YOUR INSTRUCTIONS: Find the line with "点击手机号码。继续点击更换。" in the entries below, then output every line from it down to the line with "1人が日本語教室の事務の人に", exactly and with no pictures.

MATERIAL FOR THIS TASK:
=== Begin Enclosure ===
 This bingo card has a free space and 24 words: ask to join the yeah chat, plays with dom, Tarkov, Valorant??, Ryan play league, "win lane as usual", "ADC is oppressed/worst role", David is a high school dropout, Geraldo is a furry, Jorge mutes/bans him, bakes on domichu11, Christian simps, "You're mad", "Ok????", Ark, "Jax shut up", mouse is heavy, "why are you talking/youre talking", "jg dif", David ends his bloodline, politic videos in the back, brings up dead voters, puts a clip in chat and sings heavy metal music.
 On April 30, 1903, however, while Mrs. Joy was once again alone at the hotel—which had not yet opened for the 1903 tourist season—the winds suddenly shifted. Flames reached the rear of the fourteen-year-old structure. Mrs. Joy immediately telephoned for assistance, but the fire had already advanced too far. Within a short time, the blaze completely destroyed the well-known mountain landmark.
=== End Enclosure ===
=== Begin Enclosure ===
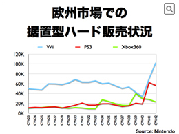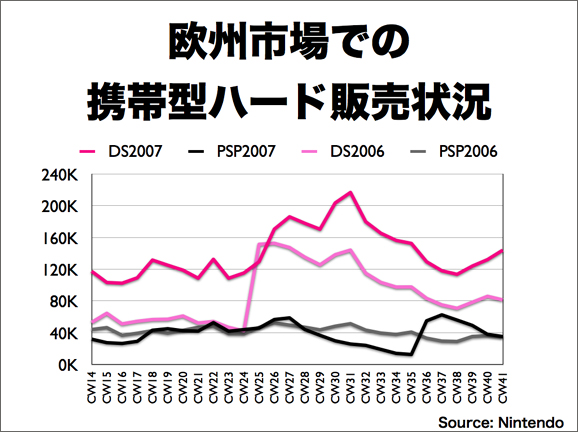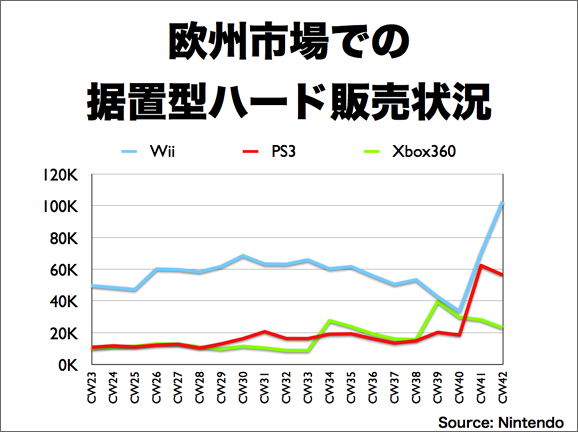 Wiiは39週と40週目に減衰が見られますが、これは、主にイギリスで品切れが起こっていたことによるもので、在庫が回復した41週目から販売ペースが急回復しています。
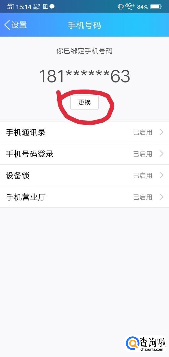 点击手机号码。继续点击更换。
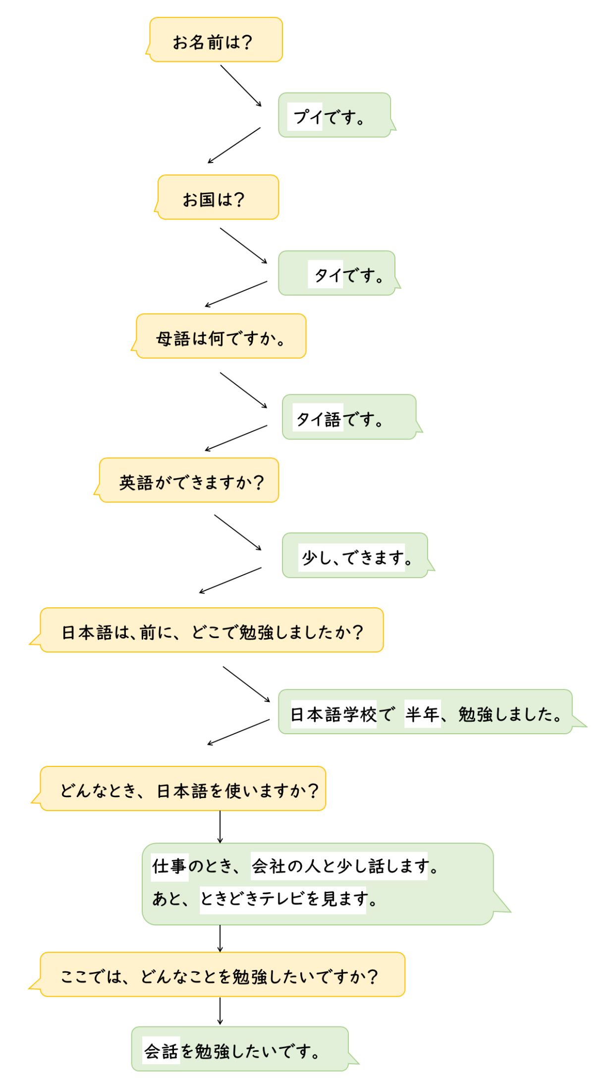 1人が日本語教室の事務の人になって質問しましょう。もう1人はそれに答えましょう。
=== End Enclosure ===
WRITTEN SOLUTION:
 点击手机号码。继续点击更换。
 1人が日本語教室の事務の人になって質問しましょう。もう1人はそれに答えましょう。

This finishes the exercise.